The exact circumstances have never been determined, but at some stage around 11pm they left the pub and were shot dead by an IRA volunteer Michael Rock, the officer commanding the Fingal Brigade.
Balbriggan is situated about three kilometres from the nearby British army camp in Gormanstown just over the border in County Meath.
Shortly before midnight three lorry loads of Crown forces comprising of Black and Tans, Auxiliaries and RIC entered the town and began burning and looting premises.
They burned four pubs to the ground including Smyths, the Gladstone Inn, which was owned by the grandfather of former Fianna Fail TD Jim Glennon, and Derham's Pub which was owned by John Derham, a local Sinn Féin representative.
They then proceeded to Clonard Street where they destroyed more than 20 houses and shot them up while terrified residents fled into the fields.
Factory
They burned the Deeds and Templar hosiery factory which was the biggest employer in the town. It left 200 people out of work.
During the night they picked up many known Republican activists from the town and beat and tortured them before leaving the bodies of two of them, John Gibbons and Seamus Lawless, on the street.
In 1981 members of the local Balbriggan and District Historical Society interviewed eyewitnesses to the sack who had been children at the time.
"I remember waking up with the terrible noise and shouting and doors getting banged in. We were crossing the fields at the back of the house as the smoke was coming up," remembered Michael Hammond who was eight at the time.

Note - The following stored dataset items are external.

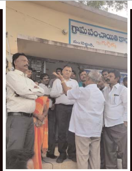
(తెలంగాణ క్యాపిటల్ న్యూస్, సిద్దిపేట/బెజ్జంకి)

పచ్చని పల్లెల్లో ఇథనాల్ ప్లాంటు చిచ్చురేపింది. నిన్నామొన్నటి వరకు రెండు పంటలు పండించుకుంటూ ఆనందంగా ఉన్న రైతుల జీవితాలను ఇథనాల్ చిన్నాబిన్నం చేసింది. పెందలాడే నిద్రలేపగానే పాలంబాట పట్టి సాగు పనుల్లో బిజీగా ఉండాల్సిన రైతులు.. తమ పనులు మానుకొని రోడ్లకొల్లిన పరిస్థితి వచ్చింది. జానపదాల పాటలతో పచ్చని పాలాల్లో సాగు పనులు చేసుకోవాల్సిన అన్నదాతలు.. 'మా గ్రామమే ముద్దు.. ఇథనాల్ ఫ్యాక్టరీ వద్దు' వద్దు అని నినదించాల్సిన దుస్థితి. మా గ్రామాల్లో ఫ్యాక్టరీ పెట్టిన వద్దు మొర్రో అని మొత్తుకుంటున్నా.. గ్రామ ప్రజలకు సమాచారం లేకున్నా.. ప్రాజెక్టు యాజమాన్యం మాత్రం తగ్గడం లేదు. ప్రాజెక్టు నిర్మాణంతో పచ్చని పాలాలు కాస్త బీడు భూములుగా మారుతాయని రైతులు ఆందోళన వ్యక్తం చేస్తున్నారు. ఈ సమస్య కేవలం ఒక్క గ్రామానిదే కాదు.. మూడు గ్రామాలకు సంబంధించినది కావడంతో రైతులు భారీ ఎత్తున ఆందోళనలు చేస్తూ వస్తున్నారు. ఇప్పటికే నిర్మాణ పనులను అడ్డుకున్నారు. విచారణకు వచ్చిన అధికారులనూ నిలబీశారు. రోజుల తరబడి రిలే డీక్షలు చేపట్టారు. పస్తులున్నారు.. నిద్రపోరాలు మానుకున్నారు.. అయినా వీరి పట్ల అటు అధికార యంత్రాంగానికి కానీ.. ఇటు ఫ్యాక్టరీ యాజమాన్యానికి కానీ కనికరం కలగడం లేదు. ప్రశాంతమైన పల్లెల్లో అలజడి రేపి.. భయాందోళనలకు గురిచేస్తున్న ఇథనాల్ కంపెనీపై 'తెలంగాణ క్యాపిటల్' ప్రత్యేక కథనం.
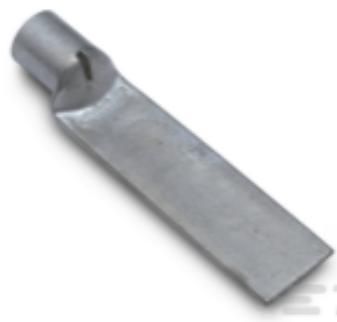
TE 产品编号2-326111-1 AMPOWER Terminal Without Stud Hole
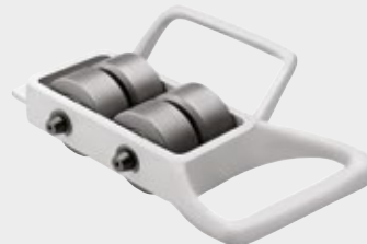
Rouleau de tube pour chanfreinage (Modèle 258 seulement)
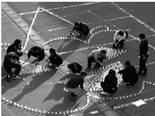
中学生のボランティア大活躍

秋の夜長のひととき、家の灯りを消して公民館に集い、震災の早い復興を祈り、3.11以降の日本のエネルギーを真剣に考える機会にと、小須戸小学校区コミュニティ協議会が公民館の協力の下、年一回開催する企画でした。お陰様で無事成功裏に終えることが出来ました。 秋晴れで、多くの家族連れや近くの介護施設からたくさんのお年を召した方々の参加もありました。
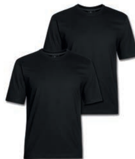
0077 black S - 10XL

“I remember everybody screaming,” Kathleen McGillivary recalled. “Two men have been shot in Smyth’s pub. There is going to be trouble tonight. Clonard Street was good and well in flames. The Black and Tans burned whatever they could get”.
John Lawless said his grandfather Seamus Lawless was beaten with the butt of a rifle, bayoneted and then shot before his body and that of Gibbons were dumped on the street. "It was such an horrific thing to do to these two men," he said.

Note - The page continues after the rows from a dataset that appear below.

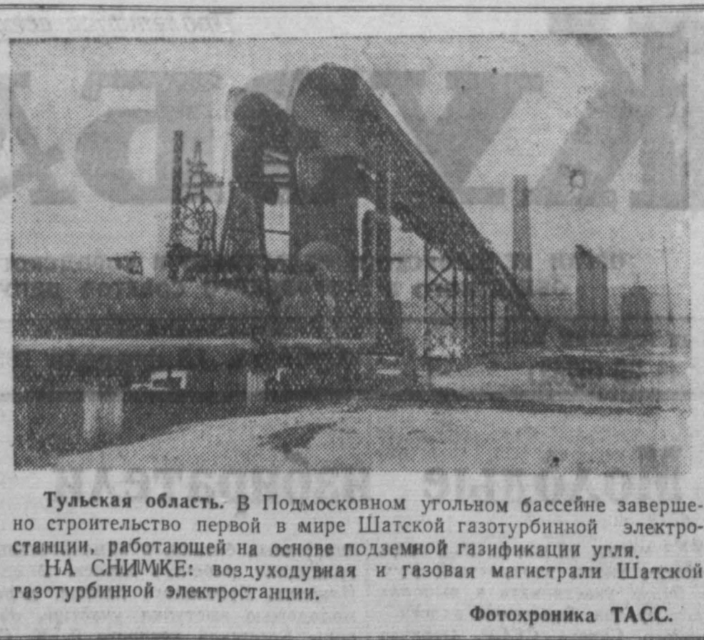
Тульская область. В Подмоскonnом угольном бассейне завершено строительство первой в мире Шатской газотурбинной электростанции, работающей на основе полуметрической газификации угля. НА СНИМКЕ: воздушная и газовая магистрали Шатской газотурбинной электростанции. Фотохроника ТАСС.

В 1957 году государственный план заготовок и закупок молока выполнен на 100,5 процента. Еще более успешно выполнен в прошлом году государственный план заготовок и закупок зерна. Однако план заготовок и закупок мяса, яиц и шерсти в 1957 году не выполнен.
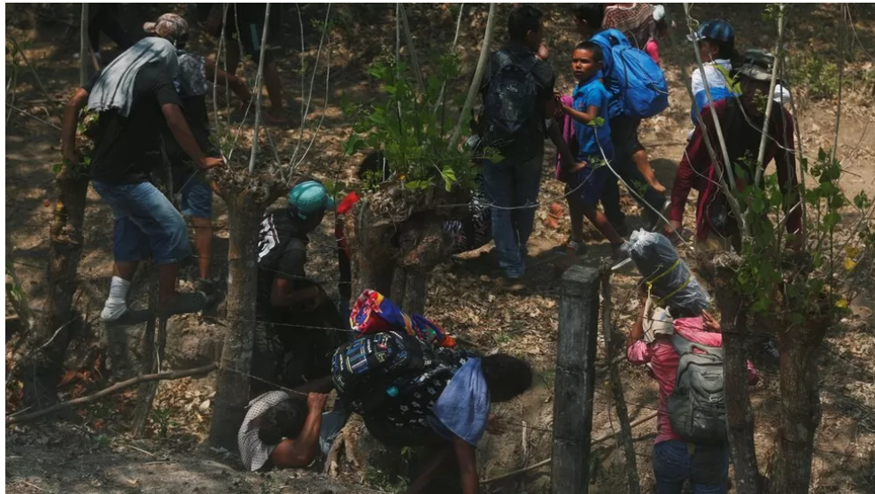
Imagem 1 – Migrantes tentando fugir após uma incursão policial
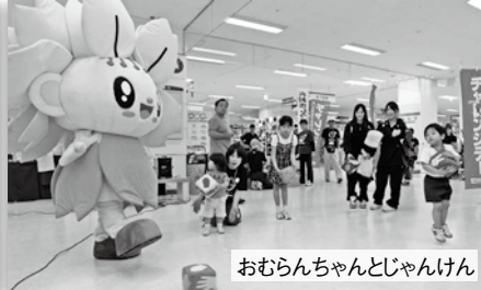
おむらんちゃんどじゃんけん
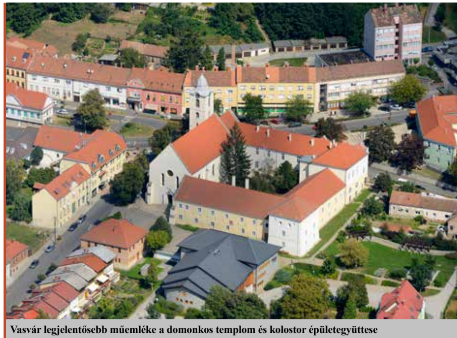
Vasvár legjelentősebb műemléke a domonkos templom és kolostor épületegyüttese

– Az egészségügyben folyamatosak a változások, az állam vesz át feladatokat, ami naprakész egyeztetéseket igényel. Ezen a területen akadnak gondjaink is: a nálunk maradó feladatokra egyre nehezebb lesz orvost találni. Különösen igaz ez az önkormányzati fenntartású szakorvosi rendelőre, ahol nagy szükség lenne az állami intézményekben dolgozó orvosokra is, de az ő foglalkoztatásuk engedélyeztetése nem mindig zökkenőmentes. Persze igyekszünk megoldani az ilyen helyzeteket is. Átalakult az ügyeleti rendszer. Eredetileg úgy volt, hogy Vasvár ügyeleti központ lesz, aztán olyan döntés született, hogy mégsem.
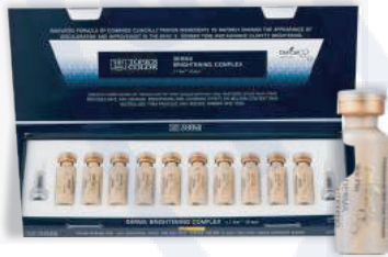
Дерма осветляющий Derma Brightening No. 21
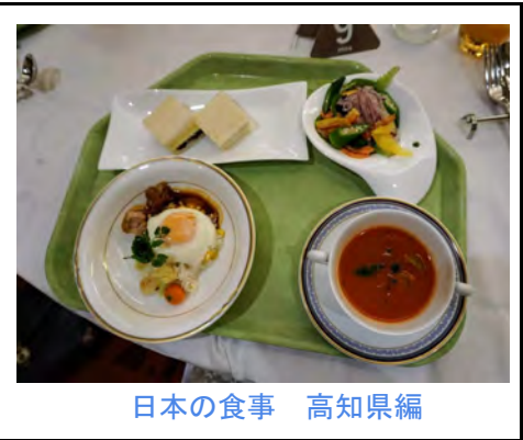
日本の食事 高知県編
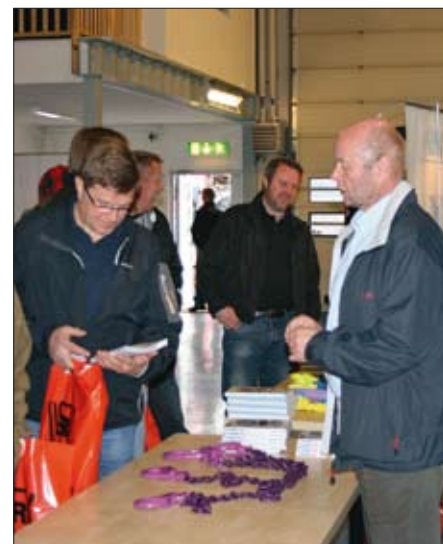
Minimässan gav flera nya förfrågningar att följa upp.
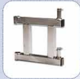
cod. 1616519800 - 35 cm TARTÓ - Parallelogram - Parallélogramme - Parallelogramm - Paralelograma
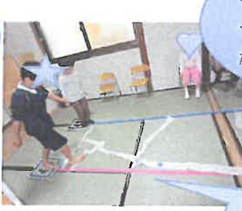
機械からこうやって出てくるんだ～
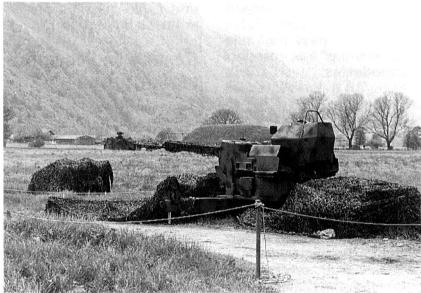
Le canon DCA 35 mm 63/90, en position.

Dans une telle situation, la mission de nos troupes d'aviation et de défense contre avions est essentiellement politique. Elle implique une disponibilité opérationnelle permanente ainsi qu'une certaine autonomie d'action par rapport au reste de l'armée.
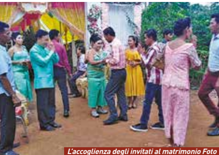
L'accoglienza degli invitati al matrimonio Foto
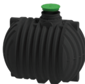
ZA ODPADNO VODO
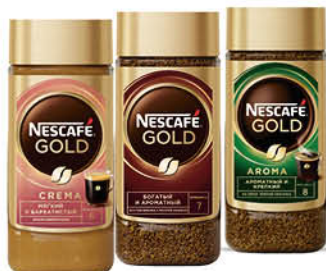
Кофе NESCAFÉ Gold Aroma Intenso растворимый с молотым; Gold Crema нежная пенка; Gold растворимый, 85-95 г
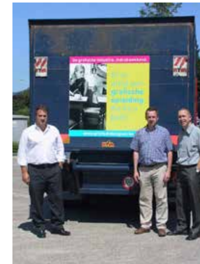
Promotie voor de grafische sector, beroepen en onderwijs i.s.m. Epacar

bijgevolg te zien op snelwegen en in steden en gemeenten. Epacar was bereid om de laadkleppen van deze vrachtwagens gedurende twee maand te voorzien van het campagnebeeld.
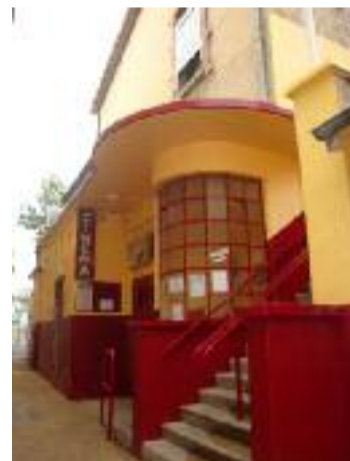
Ciné Saint-Denis © Eralyon - Numeyo.com-lyon

l'environnement existant. Et la mobilisation des réseaux. À Givors, Megarama prévoyait sept salles et 1 300 fauteuils pour 2018 ; le cinéma de Rive-de-Gier a porté recours au national, cette ouverture étant susceptible de le déstabiliser, voire de le condamner comme d'autres indépendants (Mornant...). L'Amphi de Vienne et le CGR de Brignais s'y sont joints... et l'ont emporté face à Megarama - Megarama qui présentait également un projet de neuf écrans à Saint-Bonnet-de-Mure retenu par la CDAC, mais que le GRAC va contester.
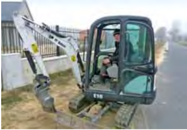
Prace nad położeniem światłowodu. Zdjęcie z listopada tego roku.

Oferuje podłączenie do Internetu o szybkości łącza od 20 do 300 Mb/s, telewizji kablowej w technice HD oraz telefonu stacjonarnego. W każdej lokalizacji możliwe jest osiągnięcie prędkości łącza 300 Mb/s. Prędkość zależy od wybranej przez abonenta
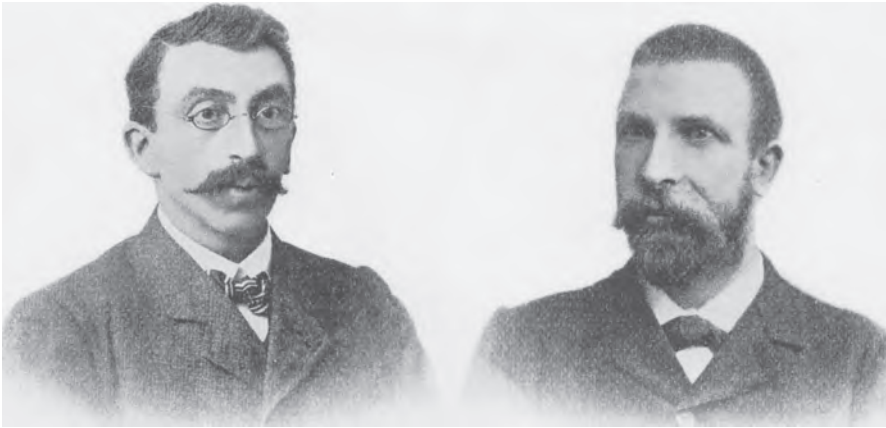
Dubbelportret van Eli Heimans en Jac. P. Thijssen aan het begin van hun samenwerking.
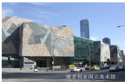
维多利亚国立美术馆
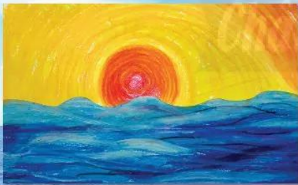
3. Vẽ màu cho phù hợp với bầu trời và mặt biển.

There was dozens of such reprisals across Ireland during the War of Independence giving rise to a phrase which entered the lexicon for gratuitous violence by State forces "black and tannery".

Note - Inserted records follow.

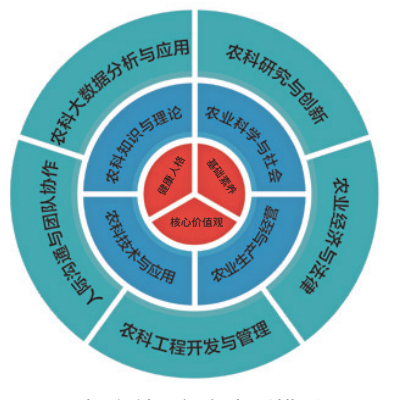
新农科 能力素质模型
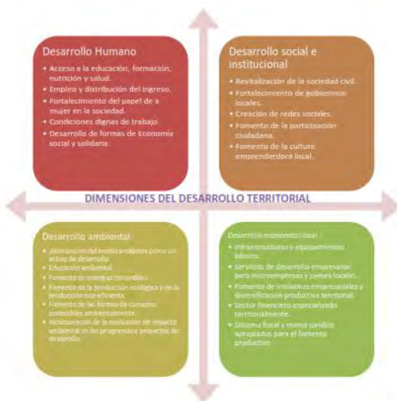
Gráfico N° 4: Dimensiones del Desarrollo Territorial
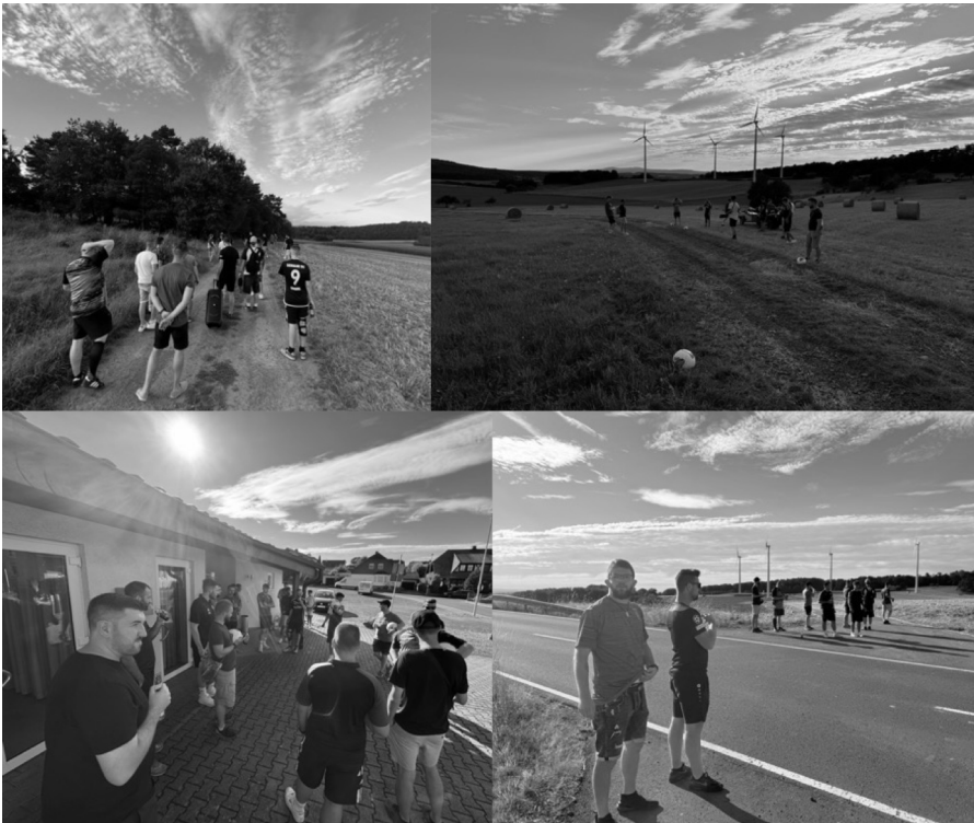
Unsere Mannschaft beim „Fußballbosseln“ in Fauerbach
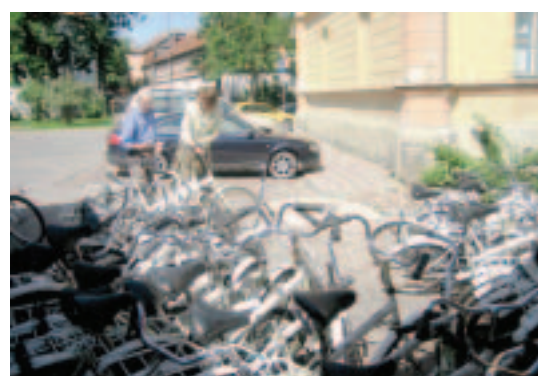
Pateicoties labajai sadarbībai, kas Domei izveidojusies ar nīderlandiešu fondu KNHM, jūlijā tiek saņemts dāvinājums – 234 velosipēdi – no Nīderlandes.

Unfortunately for the British government, Balbriggan was immediately accessible to the international press which had gathered in Dublin to cover the war.
Images and video footage of the burned out houses and homeless civilians were circulated around the world.
Britain
They provoked outrage in Britain too among more liberal-minded people including the former British prime minister Herbert Asquith who compared the sack of Balbriggan to the acts of violence carried out by the German army on French and Belgian civilians at the beginning of the first World War.
Was not the sacrifice of the lives of 800,000 British soldiers who died in the Great War supposed to stop this sort of thing every happening again? Asquith pointedly asked.
In marking the centenary, President Michael D Higgins called attention to the history of British reprisals across its Empire.
The British used similar tactics in India and in suppressing the Mau Mau uprising in Kenya in 1952 and in 1956 in Cyprus. It was also a policy carried out by the United States during the Vietnam war, the president pointed out.
President Higgins said British reprisals were rooted in “ideological assumptions, of superiority and inferiority in terms of race, culture or capacity, in the notion of the collective as a disloyal, hopeless or threatening version of the ‘other’.”
The president quoted from the Scottish philosopher David Hume who wrote in his History of England: "The Irish from the beginning of time had been buried in the most profound barbarianism and ignorance; and as they were never conquered, even, indeed, by the Romans from whom all the Western world derives its culture, they continued still in the most rude state of society and were distinguished by those vices to which human nature, not tamed by education, nor restrained by laws, is for ever subject."
The president continued: "Indeed, a century later, Winston Churchill would write, 'We have always found the Irish to be a bit odd. They refuse to be English'. The 'othering' of Irish people and their culture was undeniably ingrained at all levels of British society."
The president described the Sack of Balbriggan as an “act of collective punishment, a reprisal, a term that would become the mark of a policy aimed at subjugation, installation of fear in a public that had in its midst those that sought independence”.